Horrifying Uri rape, murder
September 6, 2018
Sexual violence is not only about women safety, also about the deep-rooted prejudice and consequential practiced inequalities
The killing of a minor girl in Boniyar Uri and the chilling account of the investigators shedding light on the nature of the crime and the reasons it was committed for once again reveals not just the lack of safety for women and minor girls but also the rampant culture of using bodies of women as weapons of vengeance. The Uri incident is also an ugly manifestation of how some women become complicit in such crimes, even become the main plotters of such crimes. Such incidents shame the entire humanity and need to be not only condemned vociferously but there is need to explore ways in which such rampant crimes can be prevented. If the police version of the story has to be relied on, the fact that the nine year old girl was killed by her step-mother, due to family jealousies, after the latter plotted that she be raped before that by her minor step-brother, his friends and other accomplices is a sign of the depraved mind-set that is prevalent in the society. To mistake it for a new development in keeping with the increasing criminalization of society would be a flawed assessment. The objectification of bodies of young girls is an ages old practice across the world, more so in South Asia where it has been closeted for a long time cloaked as it is under layers and covers of the misplaced discourse of ‘honour’ and ‘pride’ associated with the purity of bodies. The problem is not the criminal bent of mind but the deep-rooted patriarchal mindset that reduces women to mere bodies on whom anybody can forcibly mark their ownership in various ways and for various ends. The skewed sex ratio and the enormously high number of female infanticide and foeticide is one indication how the female bodies are treated not just without respect but without scant regard of their existence as humans. For centuries the practice of sacrificing girls as part of cult practices and of exchanging them as properties to settle family and tribe feuds has been known. Female bodies are used by men out of pure lust as if they are their rightful owners. More shockingly, they are also used as sites of pure vendetta, whether it is about settling personal scores, family disputes or racial and communal hatred. The same mindset is at play and continues till this day, despite constitutional provisions of equality.
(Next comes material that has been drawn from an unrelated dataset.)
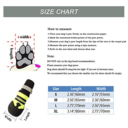 -. Feature : Paw Protector Soft & Breathable:Boot upper is made of double-layer breathable mesh fabric, firmly hemmed by soft durable cloth around, healthy and comfortable. / Anti-slip rubber soles, fit most roads like rugged and slippery surface without falling off. / Unique velcro design, you can adjust the tightness freely for comfortable and great fit, easy to wear and put off. / Lightweight and convenient, practical for dogs in daily basic wear, works well for walks, strolls, running, hikes, travels etc, also good for hardwood floors. / Please measure you dog size before purchase.Size S: Length 2.36"/60mm,width 2.16"/55mm.

The Uri incident in many ways reveals the ugly nature of similar sexual abuse stemming from sexual bias. It is just one of the probably millions of unreported cases that reveals the ugly spectacle of incest that exists in every liberal and conservative society, more so the latter. It is less likely for cases of incest to be reported as they are not just associated with the honour of ‘pure women bodies’ but also with the family honour. It is also an eye-opening because it reveals that patriarchal mindset, endorsed both by men and women, attaches a sense of pride in people and communities by way of what is deemed as ‘defiling’ the bodies of their adversaries. The Uri incident also unfolds that women can be part of perpetuating these ugly mindsets and trends. The other horrifying reality it exposes is that a woman is asking or allowing her minor son to rape his step-sister. The similar chilling reality came to light in the recent Rassana case, which had communal overtones and thus made it easy to create binaries of us and them through denial of majority Hindus who discredited the police investigations asking ‘how can a father ask his son and nephew to rape a girl’. During partition, women and girls raped as a matter of ‘community pride’ and vengeance by those who did it. Many cases are well documented. It is time that the luxury of such denials is discarded lock, stock and barrel. Sexual abuse is linked to both lust and criminality but the basic reason that prompts lust and criminality to be exercised in tandem is the patriarchal mindset of treating women as inferior and objects, their bodies as sacred sites that must be violated or protected as per the patriarchal needs and desires of individuals. While law and order machinery needs to be refined to ensure fair probes, fair trials and speedy justice in each and every reported case, the larger fight is to alter the very gender prejudices that lie at the root of the issue. That is not an easy task but one that must be embarked on a war footing, first of all through recognition and adequate understanding of sexual violence.